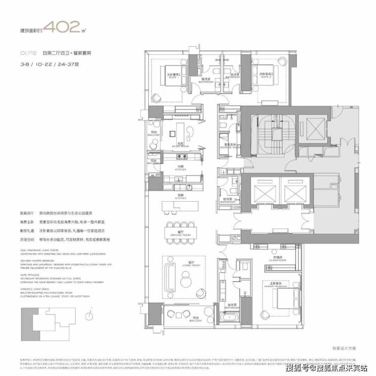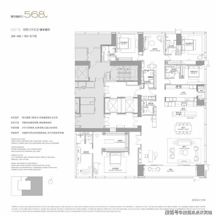 南北通透三面采光,顶奢总统套房规格,270°全景套房,享受湿地/公园/CBD景观,都是套房设计,更具私密性,中西厨分离。
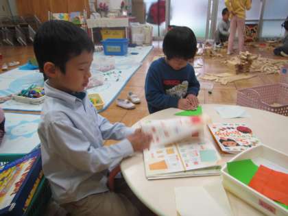 また毎月季節の折り紙遊びを楽しんできたこともあり,好きな遊びをする日も折り紙の本を見ながら折り紙遊びを楽しむようにもなりました。
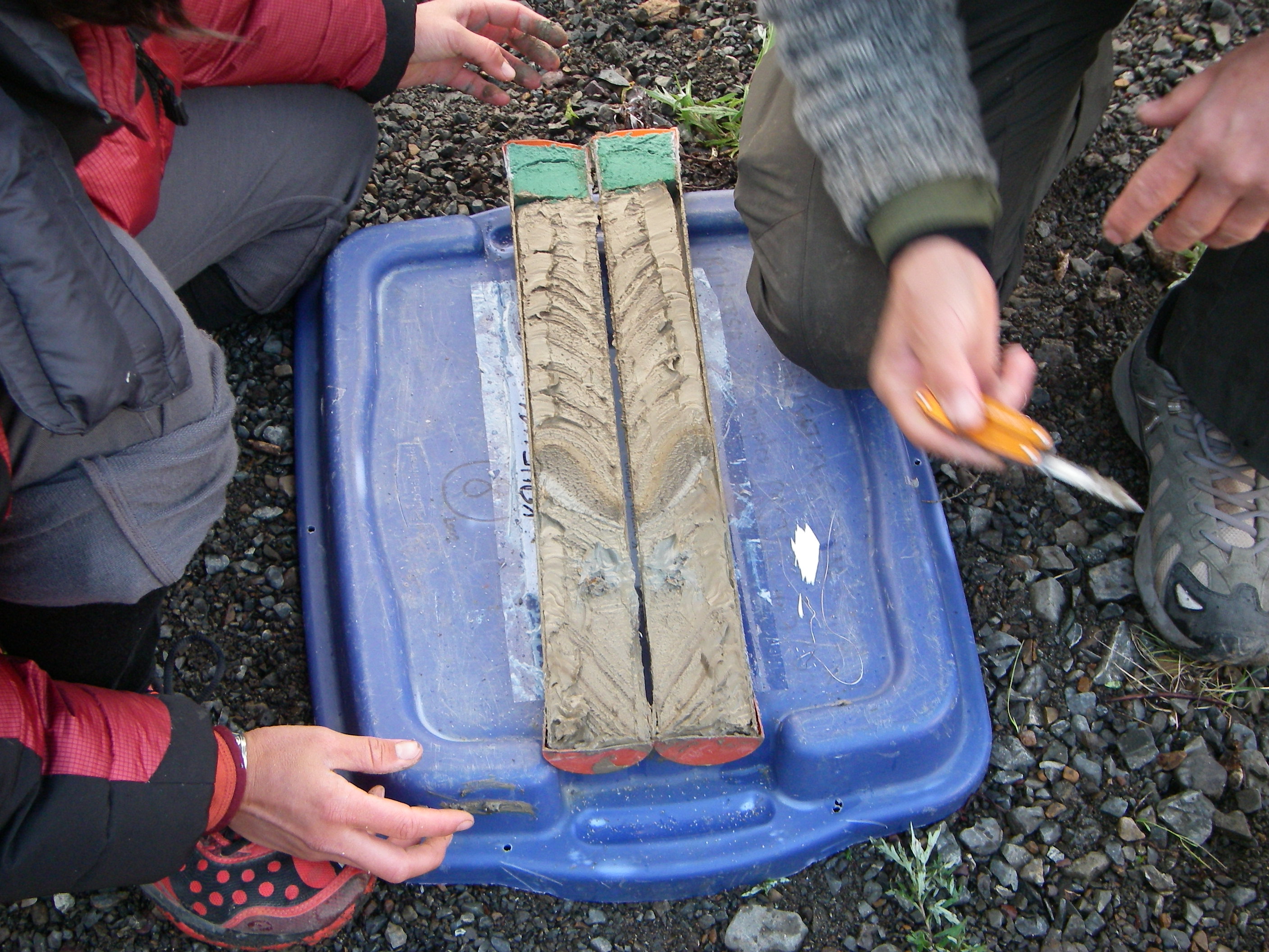 Darrell Kaufman and Heidi Roop examine a split core for marker beds that can help identify known climate events in the history of the lake and help them establish dating for more recent events. Cascade Lake, Alaska.
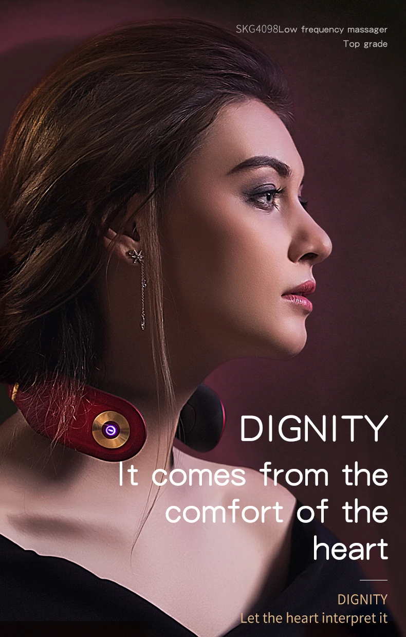 4. U-SHAPED ERGONOMIC DESIGN The design of 3D floating electrode pads, elastic arms, and silicone gripping arm surfaces allows the electrode pads to closely fit the neck skin during the use of the product, reducing needle-like discomfort caused by poor fit.
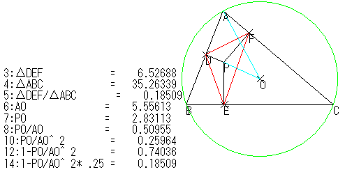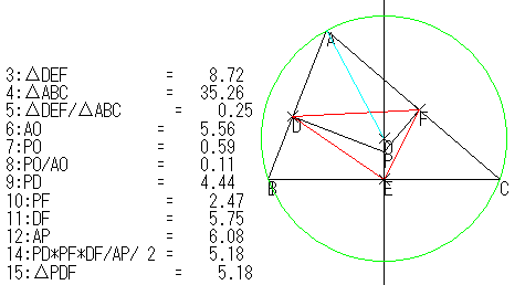 これを手がかりとして,ΔDEF/ΔABCを PO,AOで表す式を考えてみた。
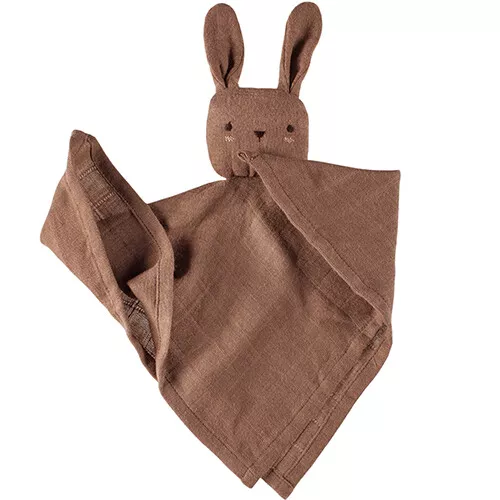 Een knuffeldoek ‘Cuddle Cloth, Bunny Nut’ van het Franse merk Main Sauvage om mee te tutten en te frutten. Het vriendelijke konijnenkopje met lange flaporen voelt prettig en vertrouwd. Een heerlijk eerste knuffeltje voor kleine dromers.
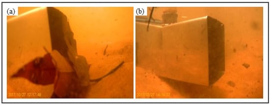 The experiment required using underwater filming equipment to provide us with a better view of sediment displacement near the samplers’ openings. In order to carry out the measurements, some particularities were needed to avoid uncertainties in data processing and to adapt them to the objective of the study. A camera was attached to each structure so that it was perpendicular to the entrance of the Helley–Smith samplers, and a diffuse illumination system for homogeneous images was an important factor to improve the PIV processing (Figure 3). Additionally, a cloth hanging over the cross-section shaded the measurement area to decrease the intensity of solar illumination on the water surface. We divided the experiment into two field measurements, both performed in the same cross-section of the Estoco Stream (Table 2).
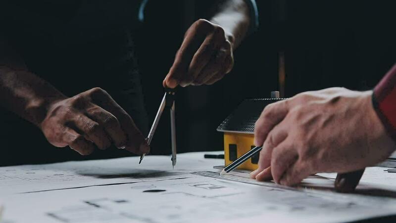 Engineer Teamwork Meeting, Drawing working on blueprint meeting for project working with partner on model building and engineering tools in working site, Construction and structure concept. Pro Video
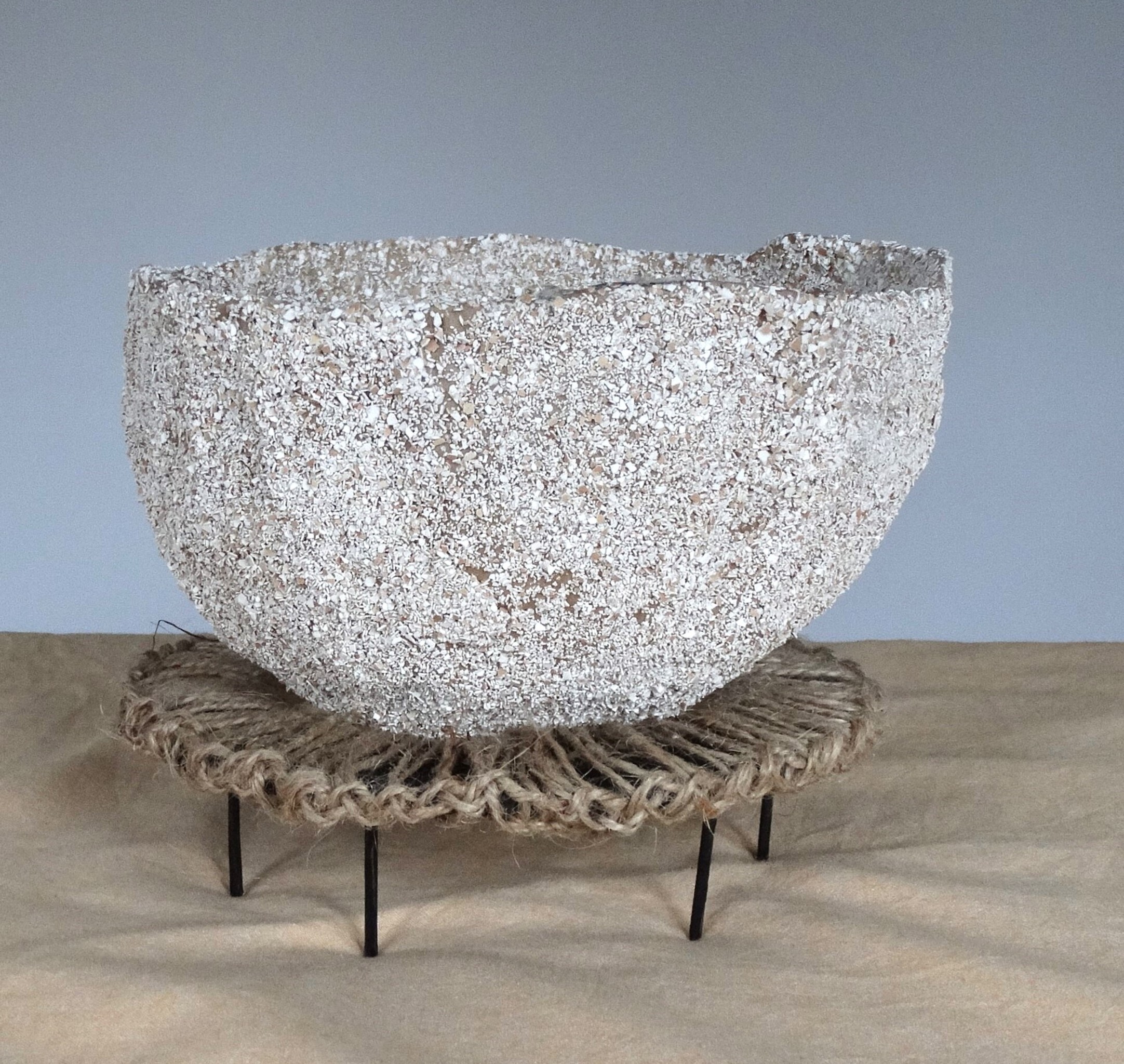 Schaal op pootjes bedekt met gekneusde eierschalen. Papier, hout, touw, eierschalen.
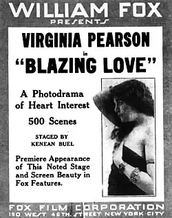 Blazing Love is a 1916 American silent drama film directed by Kenean Buel and starring Virginia Pearson and Louise Huff.[1]
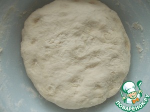 Тесто ставим в теплое место, накрыв полотенцем и даем подойти в 3 раза. Обминаем его и снова даем постоять, пока не увеличится.
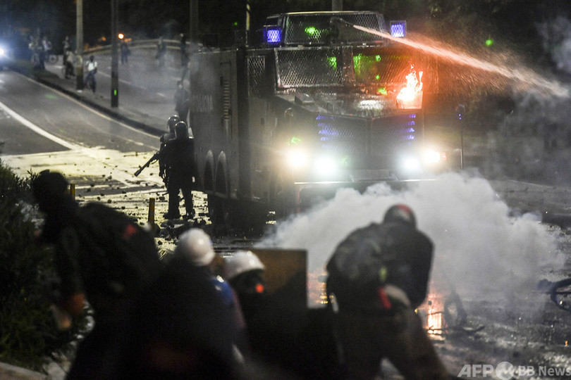 【6月1日 AFP】コロンビア・メデジン(Medellin)で行われたイバン・ドゥケ(Ivan Duque)大統領に対する抗議デモで、機動隊と衝突するデモ参加者。コロンビアではまん延する暴力と経済的苦境が悪化しており、ドゥケ政権に対する抗議行動がほぼ毎日行われている。(c)AFP
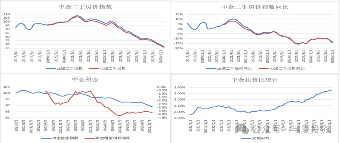 21年以来房价跌幅巨大,而租金的下跌幅度其实没有那么大。25城平均的这个租售比,从2.0%上升到了近2.4%。
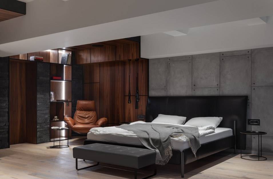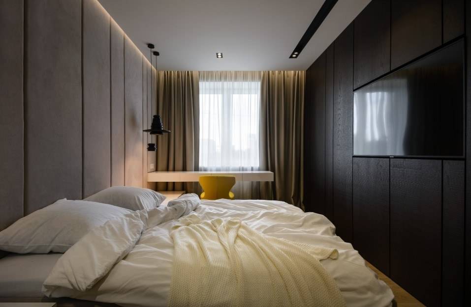 Современная спальня должна представлять собой светлое и уютное помещение для отдыха, желательно с большими окнами и хорошим освещением, которое хоть и разделяется на уютные уголки, выполняющие различные задачи, например, зону отдыха и туалетного столика, в целом остаётся открытым. Любые системы хранения рекомендуется умело маскировать за красивыми дверцами шкафов-купе или зеркальными фасадами. В отделке следует использовать натуральную ткань и качественную древесину
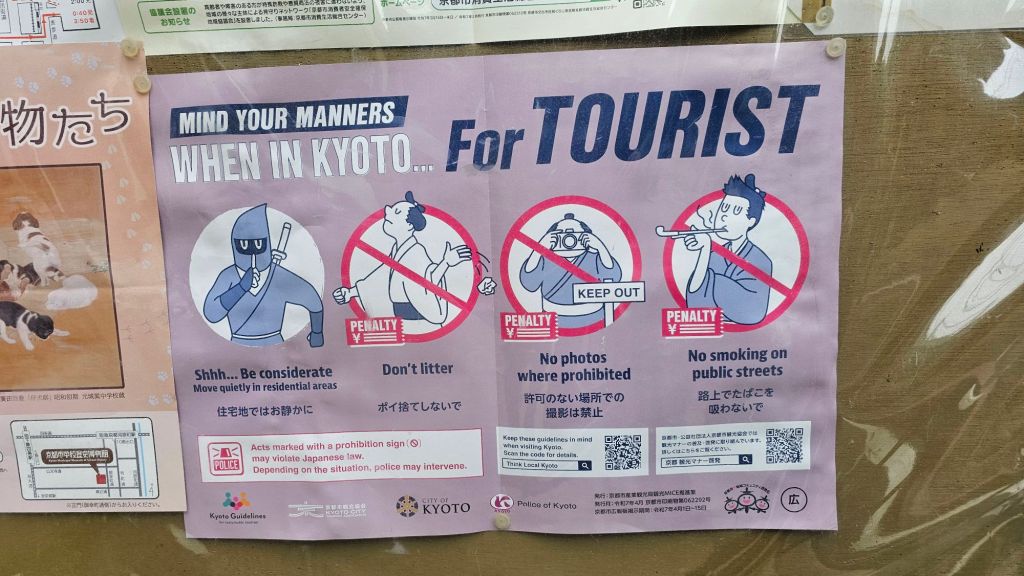 La vie quotidienne au Japon semble baignée de petits rituels où la recherche de relations apaisées semble dominer. Partout, le principe qui paraît reigner est de ne pas gêner son entourage, ne pas forcer le contact. Fumer dans l’espace public est interdit (des espaces sont réservés à cet effet). Les vélos sont simplement posés devant les maisons et les immeubles parfois sans avoir été cadenassés. Parler fort et s’étaler est proscrit et se repère de suite tant ce comportement n’existe pas. Pourtant, aucun regard désapprobateur n’est à craindre (mais on peut supposer que les autochtones n’en pensent pas moins …). Seuls les touristes détonnent parfois.

§ **Required action**
Here the job is to print all the entries above exactly, minus the images.

§ **Exercise output**
 南北通透三面采光,顶奢总统套房规格,270°全景套房,享受湿地/公园/CBD景观,都是套房设计,更具私密性,中西厨分离。
 また毎月季節の折り紙遊びを楽しんできたこともあり,好きな遊びをする日も折り紙の本を見ながら折り紙遊びを楽しむようにもなりました。
 Darrell Kaufman and Heidi Roop examine a split core for marker beds that can help identify known climate events in the history of the lake and help them establish dating for more recent events. Cascade Lake, Alaska.
 4. U-SHAPED ERGONOMIC DESIGN The design of 3D floating electrode pads, elastic arms, and silicone gripping arm surfaces allows the electrode pads to closely fit the neck skin during the use of the product, reducing needle-like discomfort caused by poor fit.
 これを手がかりとして,ΔDEF/ΔABCを PO,AOで表す式を考えてみた。
 Een knuffeldoek ‘Cuddle Cloth, Bunny Nut’ van het Franse merk Main Sauvage om mee te tutten en te frutten. Het vriendelijke konijnenkopje met lange flaporen voelt prettig en vertrouwd. Een heerlijk eerste knuffeltje voor kleine dromers.
 The experiment required using underwater filming equipment to provide us with a better view of sediment displacement near the samplers’ openings. In order to carry out the measurements, some particularities were needed to avoid uncertainties in data processing and to adapt them to the objective of the study. A camera was attached to each structure so that it was perpendicular to the entrance of the Helley–Smith samplers, and a diffuse illumination system for homogeneous images was an important factor to improve the PIV processing (Figure 3). Additionally, a cloth hanging over the cross-section shaded the measurement area to decrease the intensity of solar illumination on the water surface. We divided the experiment into two field measurements, both performed in the same cross-section of the Estoco Stream (Table 2).
 Engineer Teamwork Meeting, Drawing working on blueprint meeting for project working with partner on model building and engineering tools in working site, Construction and structure concept. Pro Video
 Schaal op pootjes bedekt met gekneusde eierschalen. Papier, hout, touw, eierschalen.
 Blazing Love is a 1916 American silent drama film directed by Kenean Buel and starring Virginia Pearson and Louise Huff.[1]
 Тесто ставим в теплое место, накрыв полотенцем и даем подойти в 3 раза. Обминаем его и снова даем постоять, пока не увеличится.
 【6月1日 AFP】コロンビア・メデジン(Medellin)で行われたイバン・ドゥケ(Ivan Duque)大統領に対する抗議デモで、機動隊と衝突するデモ参加者。コロンビアではまん延する暴力と経済的苦境が悪化しており、ドゥケ政権に対する抗議行動がほぼ毎日行われている。(c)AFP
 21年以来房价跌幅巨大,而租金的下跌幅度其实没有那么大。25城平均的这个租售比,从2.0%上升到了近2.4%。
 Современная спальня должна представлять собой светлое и уютное помещение для отдыха, желательно с большими окнами и хорошим освещением, которое хоть и разделяется на уютные уголки, выполняющие различные задачи, например, зону отдыха и туалетного столика, в целом остаётся открытым. Любые системы хранения рекомендуется умело маскировать за красивыми дверцами шкафов-купе или зеркальными фасадами. В отделке следует использовать натуральную ткань и качественную древесину
 La vie quotidienne au Japon semble baignée de petits rituels où la recherche de relations apaisées semble dominer. Partout, le principe qui paraît reigner est de ne pas gêner son entourage, ne pas forcer le contact. Fumer dans l’espace public est interdit (des espaces sont réservés à cet effet). Les vélos sont simplement posés devant les maisons et les immeubles parfois sans avoir été cadenassés. Parler fort et s’étaler est proscrit et se repère de suite tant ce comportement n’existe pas. Pourtant, aucun regard désapprobateur n’est à craindre (mais on peut supposer que les autochtones n’en pensent pas moins …). Seuls les touristes détonnent parfois.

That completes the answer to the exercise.